Floris Versteeg

Free agent
- Position: Power forward

Personal information
- Born: 22 October 1994 (age 30) Amsterdam, Netherlands
- Nationality: Dutch
- Listed height: 2.02 m (6 ft 8 in)
- Listed weight: 98 kg (216 lb)

Career information
- College: Cal State Fullerton (2013–2014)
- NBA draft: 2016: undrafted
- Playing career: 2016–present

Career history
- 2014–2018: ZZ Leiden
- 2018–2019: Dutch Windmills
- 2019–2021: Apollo Amsterdam

= Floris Versteeg =

Dutch basketball player

Floris Versteeg (born 22 October 1994) is a Dutch basketball player who last played for Apollo Amsterdam of the Dutch Basketball League (DBL).

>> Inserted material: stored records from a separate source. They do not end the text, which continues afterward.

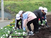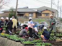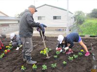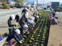 3年総合「花いっぱい活動」  国道の花壇にパンジーを植えました
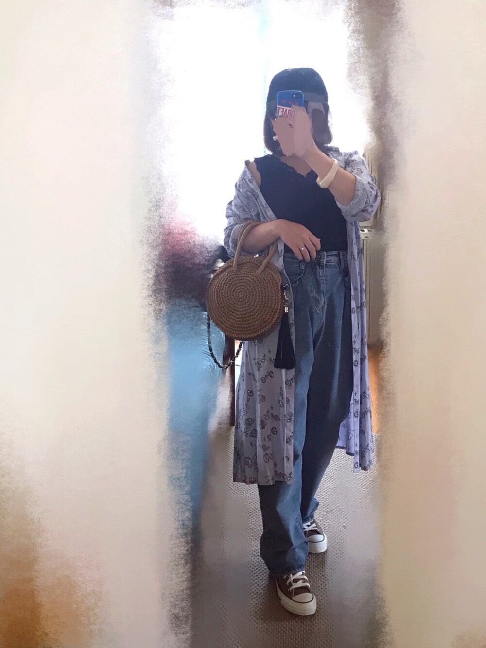 今年のヘザーのカゴバックが届いて嬉しい😊 去年のは、バケツ型で容量が多くてめっちゃ使いやすかったんです。 今年のは、サークル型で去年よりマチが薄め。 容量は去年のより少なくて、形と紐がめっちゃ可愛い! あとこのデニム、伸縮ないのに履きやすくて、形も可愛い! 低身長さんが靴履いて地面ギリギリの長さです😊
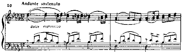 Но, повторяясь несколько раз, она постепенно стихает и как бы смиряется, становясь послушной и мягкой. Абдерахман, покоренный Раймондой, готов отбросить коварные замыслы, свою властность и гордость. Он падает перед девушкой на колени, но она в ужасе пятится от него. Однако Абдерахман становится все настойчивей. Постепенно его тема захватывает весь оркестр, звучит громко и требовательно, а коротенькие, испуганные ответы Раймонды тонут, как беспомощные, жалобные выкрики.
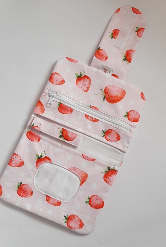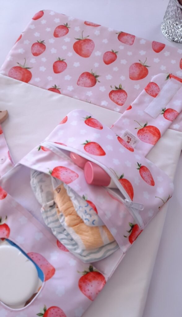 Diaper,wipe holder & changing mat Strawberry girl collection
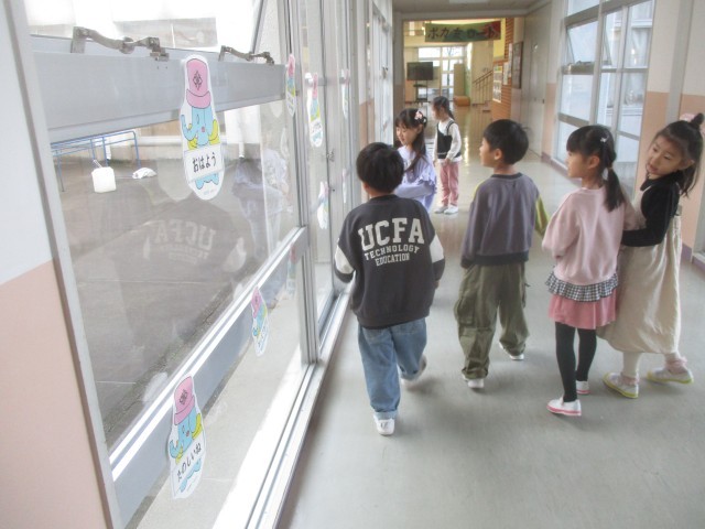 人権週間のとき、言われてうれしい言葉(ぽかぽか言葉)を考えました。1年生からは、「一緒に〇〇しよう」「ありがとう」などの言葉が出ました。学校のみんなが考えたぽかぽか言葉が、今「ポカ友ロード」に掲示されています。
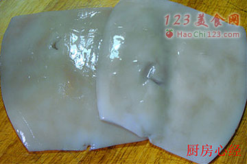 3、将鱿鱼撕去表皮,改刀成整齐的方块状。
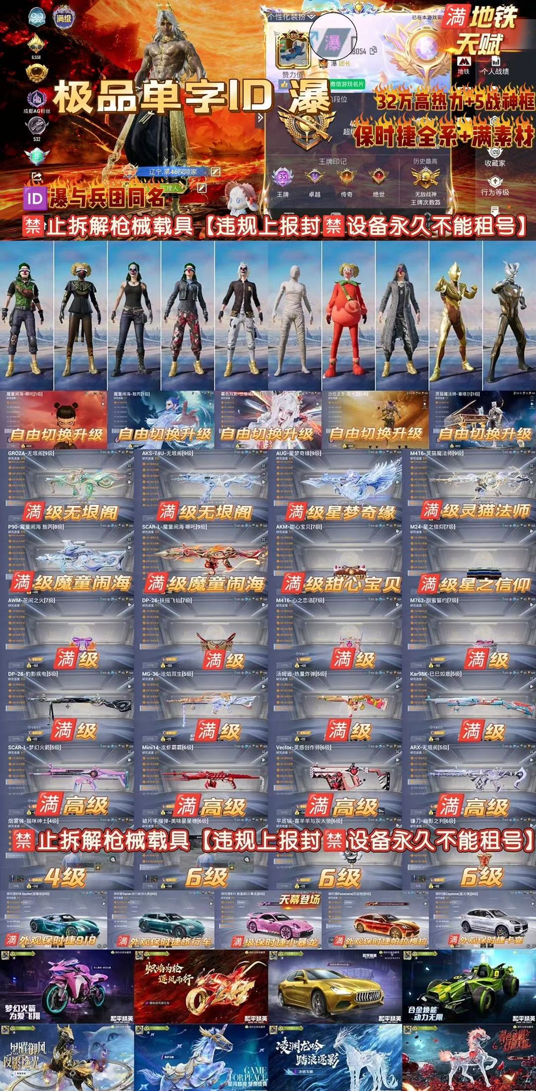 限制: 租号17次及以上 | 撤单率<60%才可租用此帐号装备描述:特别声明!!!! 分解载具枪械永久拉黑不解除 【乱投诉拉黑】和平号有问题/上不去/其他问题/ 特殊需求/投诉没用等问题 账号累计充值超40万!切勿开挂/分解装备/恶意骂人/等等违规行为,发现违规必追查到底(平台登录记录,游戏登录ip手机号 设备串号 充值付款记录不要侥幸现在网警都能调到你的所有行为记录就算盗用他人信息也一样能查到你头上)按账号充值金额=起诉/刑事立案/追责赔偿! 非速玩【非云!本机设备畅玩不卡顿】
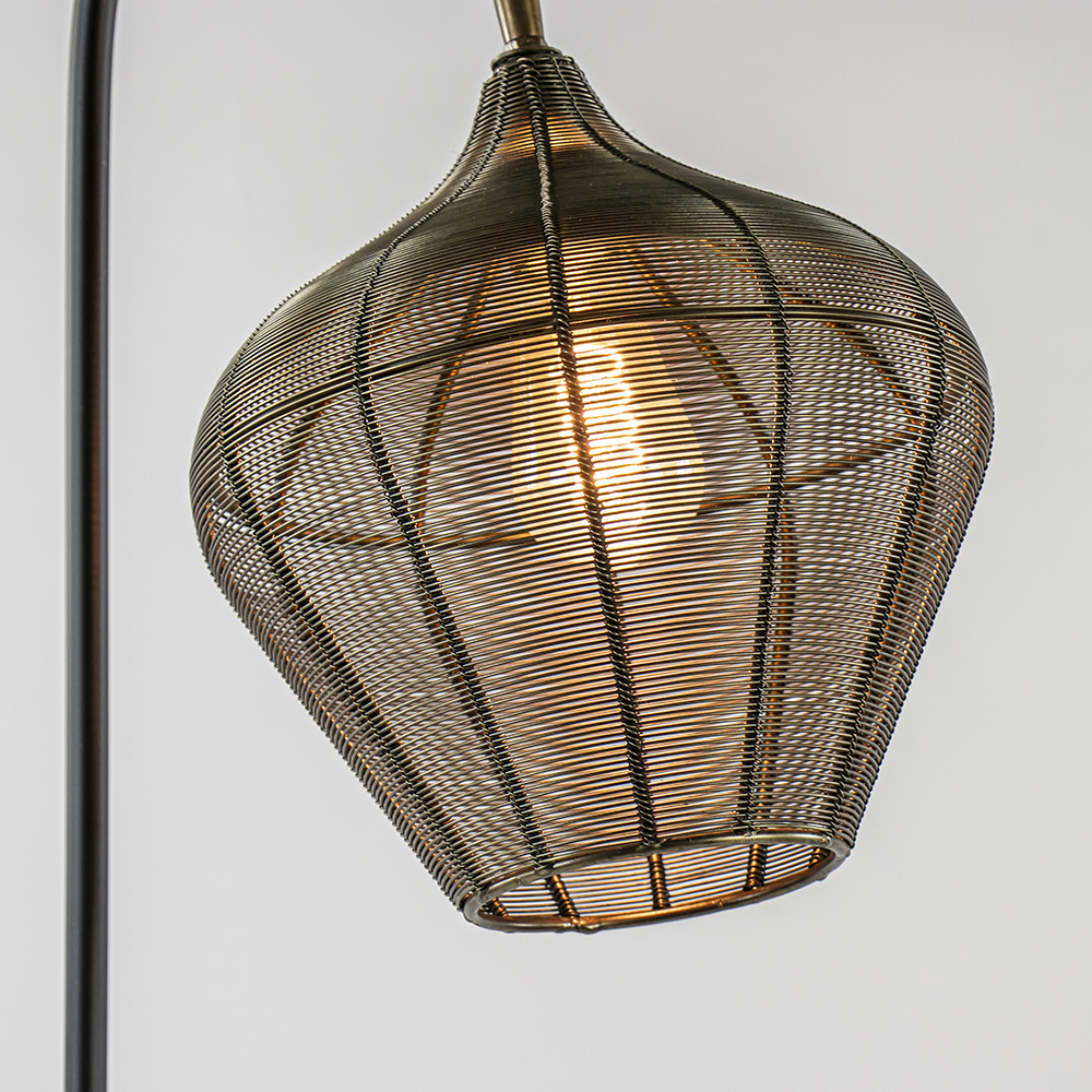 Alvaro is een sfeervolle vloerlamp die perfect past in een Scandinavisch of landelijk interieur. De vloerlamp is volledig van metaal en voorzien van een antiek bronzen en mat zwarte finish. De draadkap heeft een speelse vorm en is te kantelen. Alvaro is voorzien van een ronde voet met een zwart snoer van 195 cm. De staande lamp wordt gemakkelijk aan/uit geschakeld door de voetschakelaar die zich op 70 cm van de lamp bevindt.
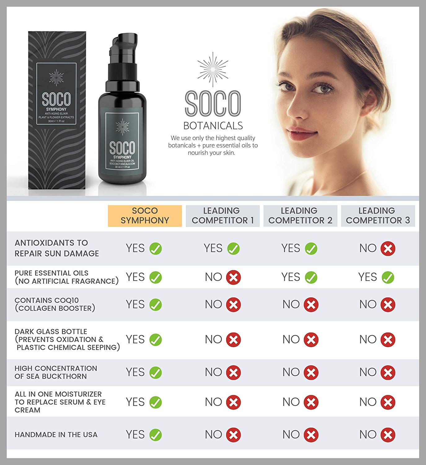 • THE PERFECT MOISTURIZER: Bring out your natural radiance with our SOCO Symphony Anti Aging Elixir Face Oil. This facial moisturizer is designed to replace cream, serum & eye cream: It is a potent skin superfood all in one bottle. Exquisite formula of Collagen boosting CoQ10 with Sea Buckthorn Oil, Argan, Rosehip, Pomegranate Seed Oil, Avocado, Red Raspberry, Jojoba, Helichrysum & Neroli Essential Oils, Vitamins A C & E.
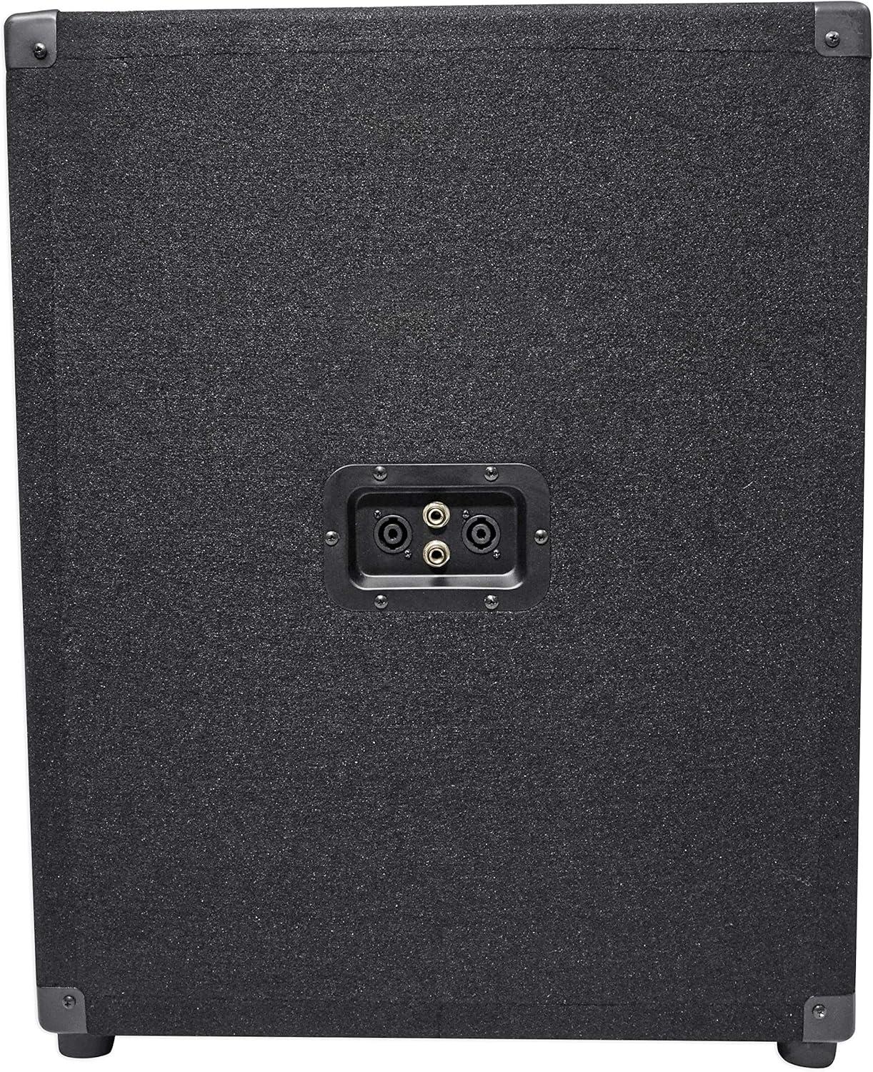 Construction: High-Density, High-Quality Non Resonant MDF, Stapled, Bonded & Braced. Ergonomic Recessed Handles. Molded Steel Grill. Aviation Grade Black Carpet. Pole Mount. Rubber Isolating Feet. 1/4″ Jack (In/Out). SpeakON (In/Out). All input/output connections are internally connected in parallel. Nominal Impedance: 8 Ohm. Sensitivity: 98dB (+ or 2 dB) @ 1w/1m. Frequency Response: 35 Hz 4 Khz. Dimensions (W x D x H): 20 x 23.62 x 25.59 (Inches). Weight: 64 LBS
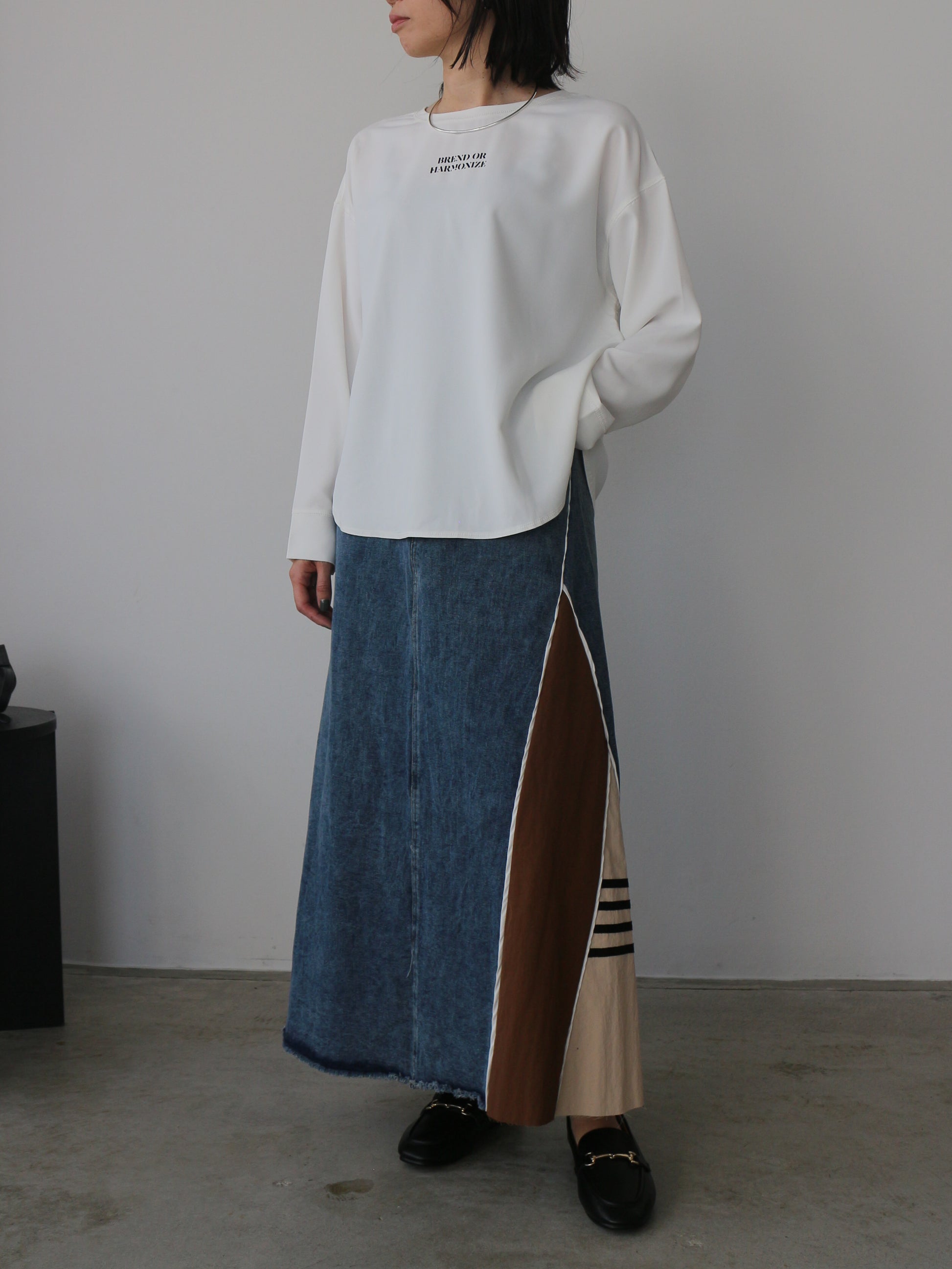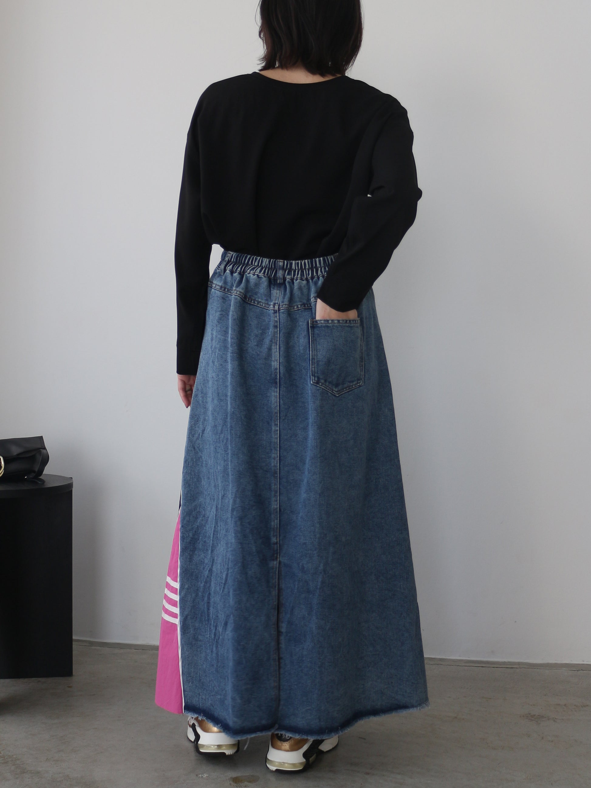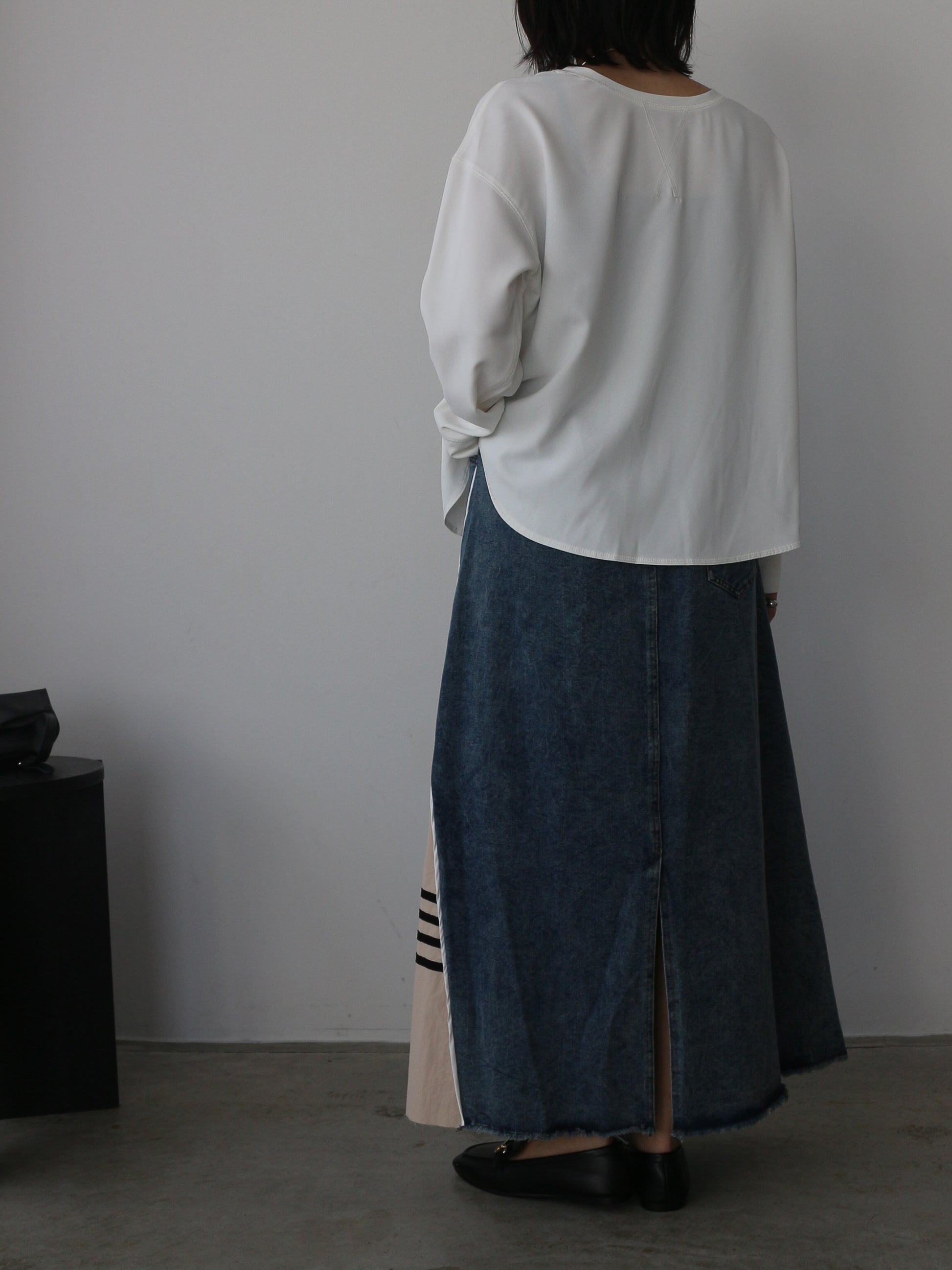 デニムと切り替える事での配色感かコーディネート幅を広げる1枚。

Standing at , Versteeg plays as power forward.

==College career==
Versteeg attended and played for the Canarias Basketball Academy, which he followed by playing one season of college basketball for Cal State Fullerton Titans men's basketball team.
==Professional career==
On 9 July 2018, Versteeg signed with Dutch Windmills, which made its debut season in the DBL. On 10 April 2019, Windmills withdrew from the DBL due to its financial problems.

He signed with Apollo Amsterdam in August 2019. As the captain of the team, he had his best year yet with 11 points per game in the 2019–20 DBL season.